Work to complete —
An exact transcription of every record is needed, leaving out the pictures.

Material for the task —
[Start of Attachment]
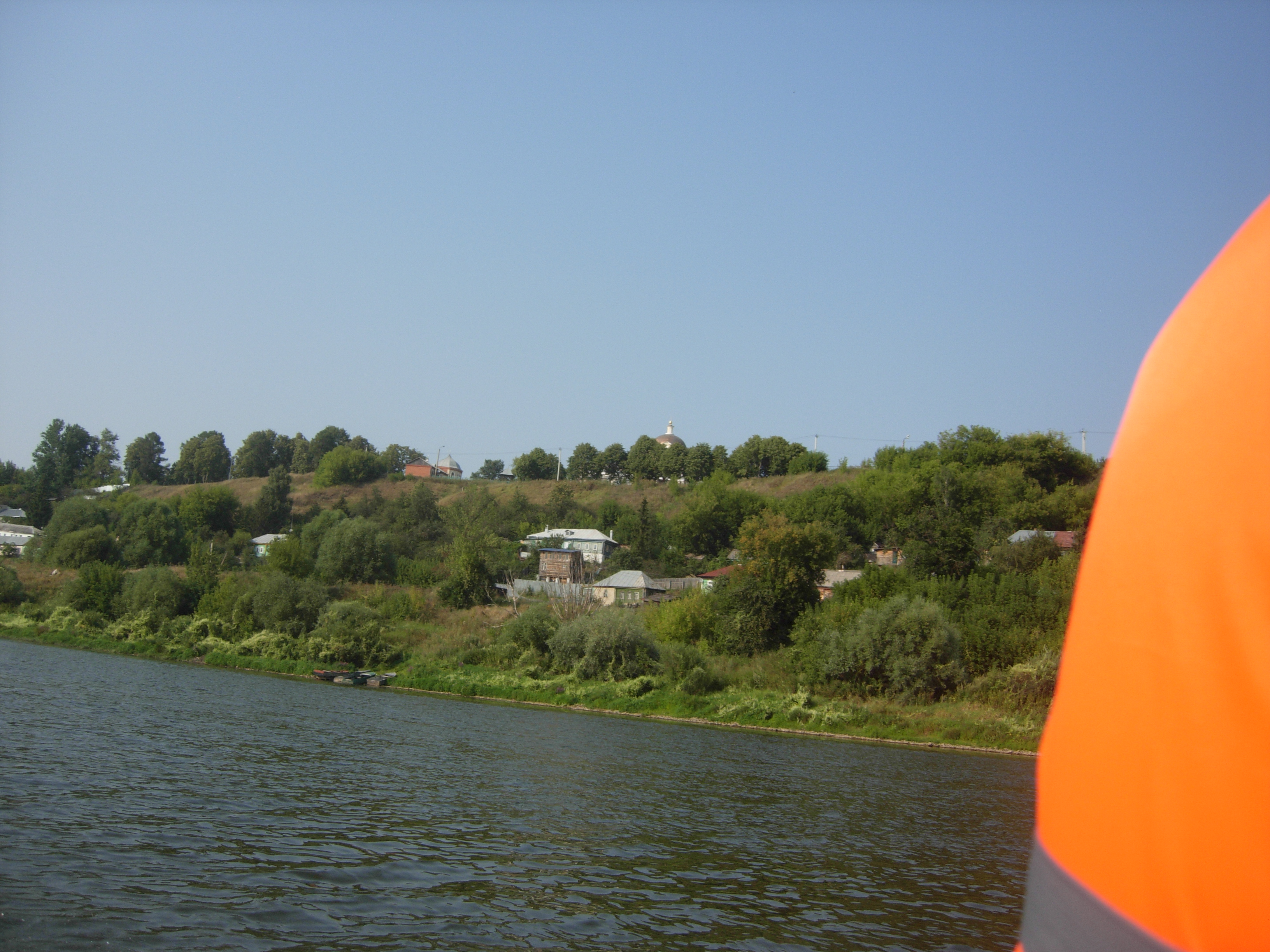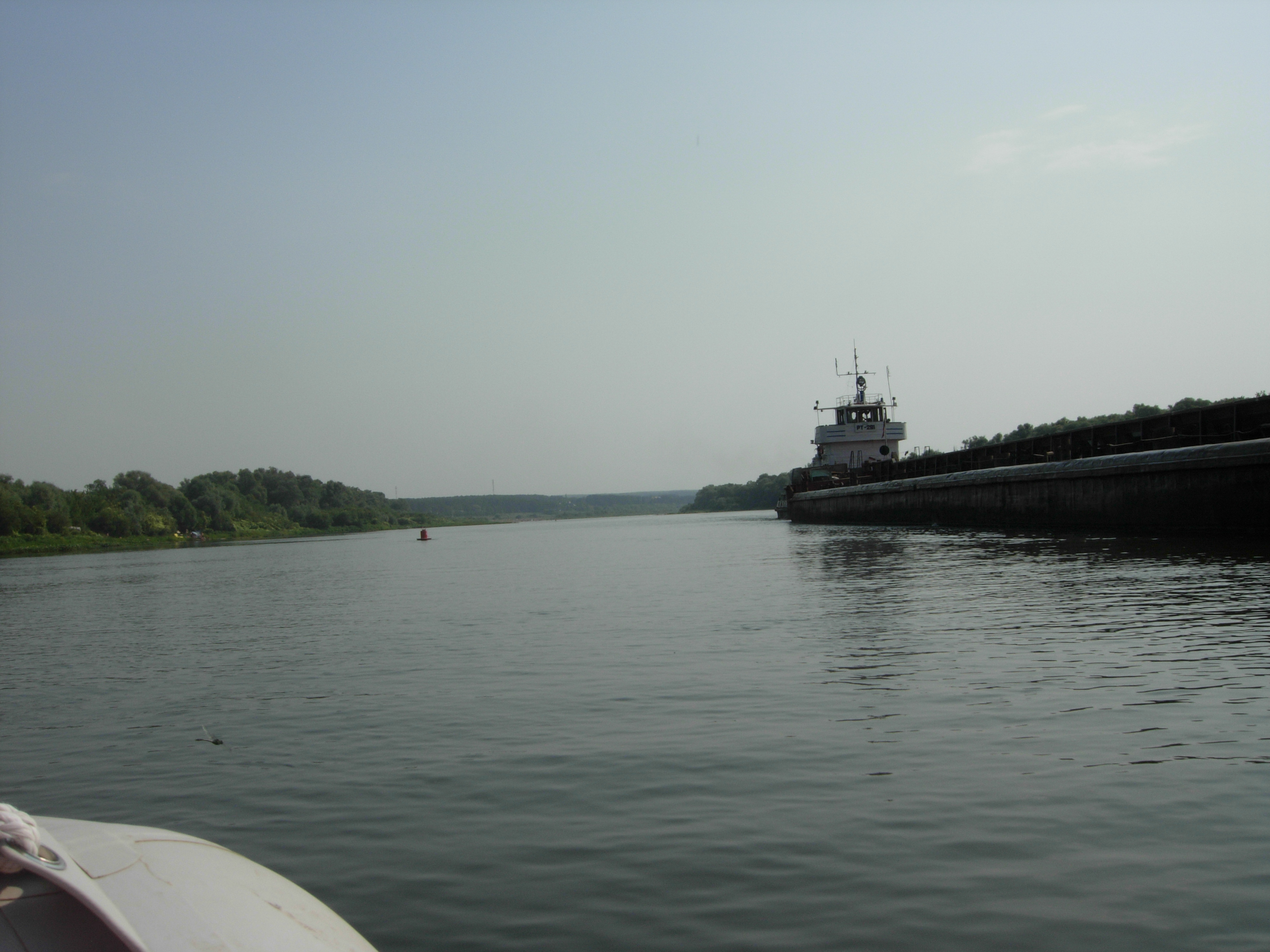 Дима (Окунь) пригласил на водную прогулку по крупнейшей водной артерии Тульской области. Предоставил свой катер, снабдил всех нас индивидуальными средствами спасения на воде и прокатил по изумительнейшим местам. Это было обалденно! Отличная солнечная погода, природа потрясающая, по берегам высоченные сосны, чистый речной воздух одурманивал. Ну, и сама река Ока - это особый мир, отвлекающий от ежедневной суеты и позволяющий полностью слиться с природой. На Оке, по обеим её берегам (один- тульский, другой калужский) отдыхало очень много народу, и на песчаных пляжах, и на разнообразной водной технике. Два раза прошли под мостом - к счастью. Дим, ещё раз от всех нас- Огромной Спасибо! Пристань.
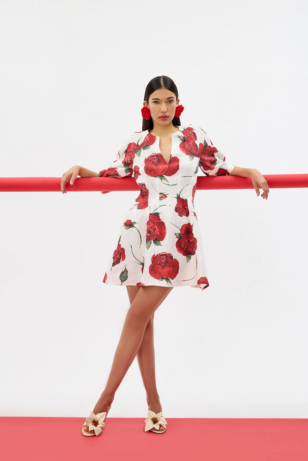 LIORA, %100 doğal keten dokusunu gül desen ile birleştiren mini elbise. Yaz aylarında tasarlanan bu parça, “teninizde yokmuş gibi hafif” hissiyle gün boyu konfor sunar.
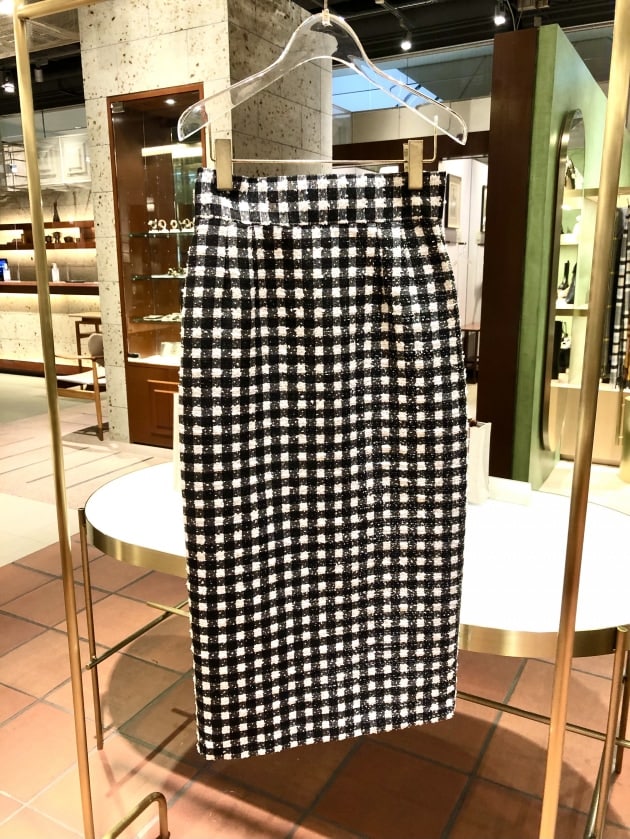 イタリア コモのCarlo Pozzi社のギンガムチェック素材を使用。ハイウエストで太めのウエストベルトがクラッシックで女性らしいシルエットのタイトスカートです。
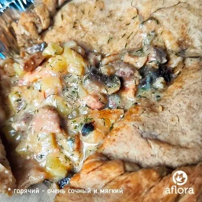 В начинке не только фермерское мясо (мякоть свинины и говядины), но еще и картофель с белыми лесными грибами. Это уже не просто пирог, а полноценное блюдо, способное заменить обед или ужин. В составе натуральные ингредиенты, без консервантов. Пирог для выпекания в духовке!
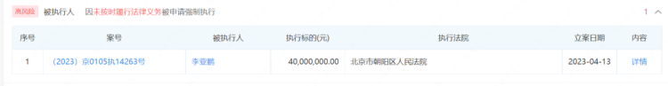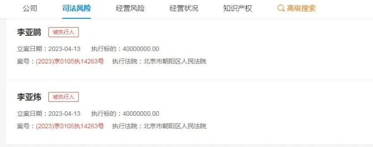 资料显示,近日,李亚鹏及哥哥李亚炜新增一则被执行人信息,执行标的4000万元 ,涉及合同纠纷案件,执行法院为北京市朝阳区人民法院。
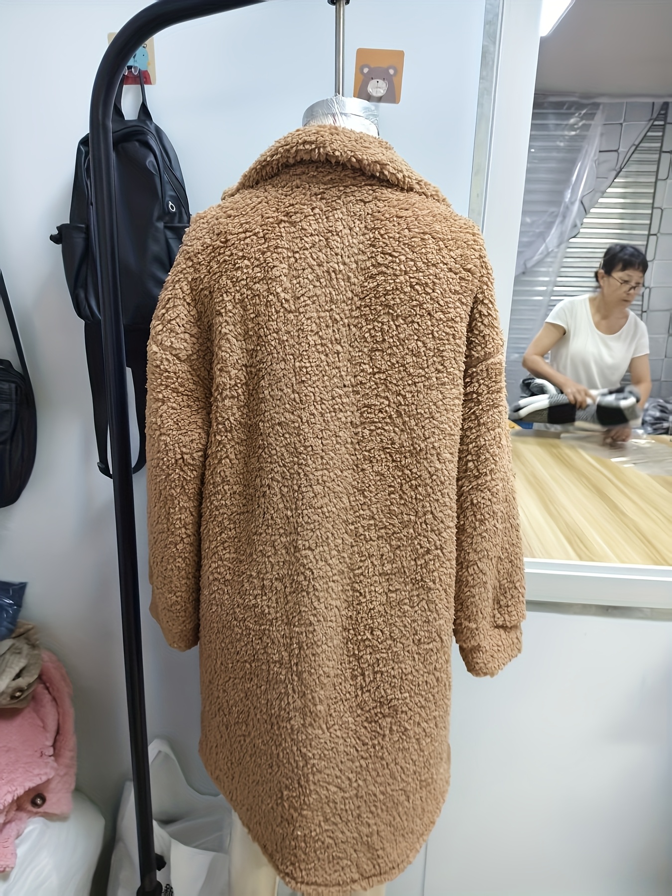 Plus Size, Women's Plus Size Oversized Faux-Fur Collar Lapel Coat - Elegant Winter Jacket with Lapel Collar & Pockets, Notch Lapel Button-Front Blazer, Machine Washable Large Coat for Fall/Winter, Casual & Formal Wear (Teddy Bear Style) - Warm
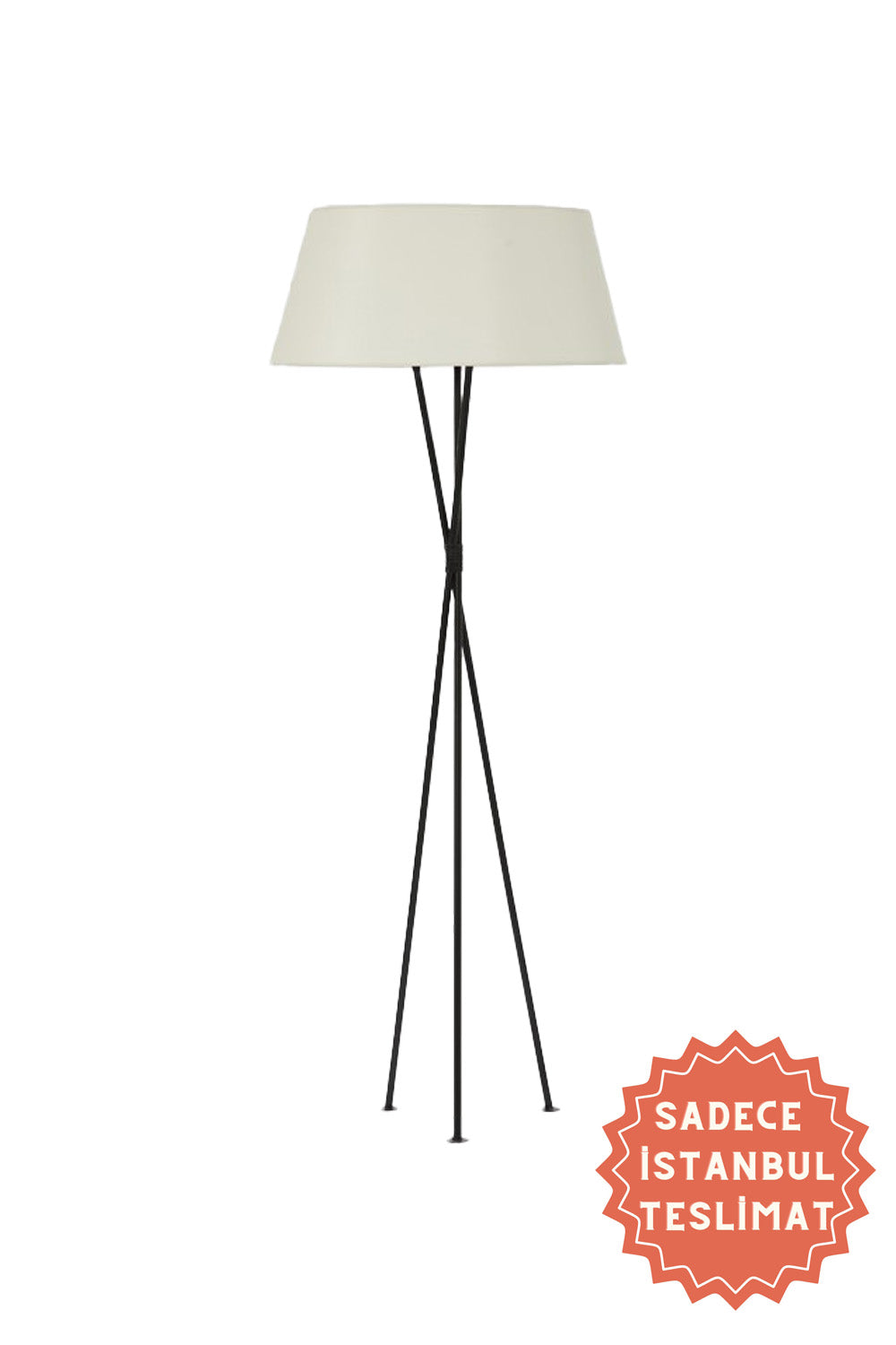 Scala beyaz kumaştan şapkası, ışığı zarifçe süzerek ortama huzurlu bir ambiyans katarken; siyah metal üç ayaklı TRIO gövde ise adeta bir heykel formunda yükseliyor.
[End of Attachment]
Solution to this task —
 Дима (Окунь) пригласил на водную прогулку по крупнейшей водной артерии Тульской области. Предоставил свой катер, снабдил всех нас индивидуальными средствами спасения на воде и прокатил по изумительнейшим местам. Это было обалденно! Отличная солнечная погода, природа потрясающая, по берегам высоченные сосны, чистый речной воздух одурманивал. Ну, и сама река Ока - это особый мир, отвлекающий от ежедневной суеты и позволяющий полностью слиться с природой. На Оке, по обеим её берегам (один- тульский, другой калужский) отдыхало очень много народу, и на песчаных пляжах, и на разнообразной водной технике. Два раза прошли под мостом - к счастью. Дим, ещё раз от всех нас- Огромной Спасибо! Пристань.
 LIORA, %100 doğal keten dokusunu gül desen ile birleştiren mini elbise. Yaz aylarında tasarlanan bu parça, “teninizde yokmuş gibi hafif” hissiyle gün boyu konfor sunar.
 イタリア コモのCarlo Pozzi社のギンガムチェック素材を使用。ハイウエストで太めのウエストベルトがクラッシックで女性らしいシルエットのタイトスカートです。
 В начинке не только фермерское мясо (мякоть свинины и говядины), но еще и картофель с белыми лесными грибами. Это уже не просто пирог, а полноценное блюдо, способное заменить обед или ужин. В составе натуральные ингредиенты, без консервантов. Пирог для выпекания в духовке!
 资料显示,近日,李亚鹏及哥哥李亚炜新增一则被执行人信息,执行标的4000万元 ,涉及合同纠纷案件,执行法院为北京市朝阳区人民法院。
 Plus Size, Women's Plus Size Oversized Faux-Fur Collar Lapel Coat - Elegant Winter Jacket with Lapel Collar & Pockets, Notch Lapel Button-Front Blazer, Machine Washable Large Coat for Fall/Winter, Casual & Formal Wear (Teddy Bear Style) - Warm
 Scala beyaz kumaştan şapkası, ışığı zarifçe süzerek ortama huzurlu bir ambiyans katarken; siyah metal üç ayaklı TRIO gövde ise adeta bir heykel formunda yükseliyor.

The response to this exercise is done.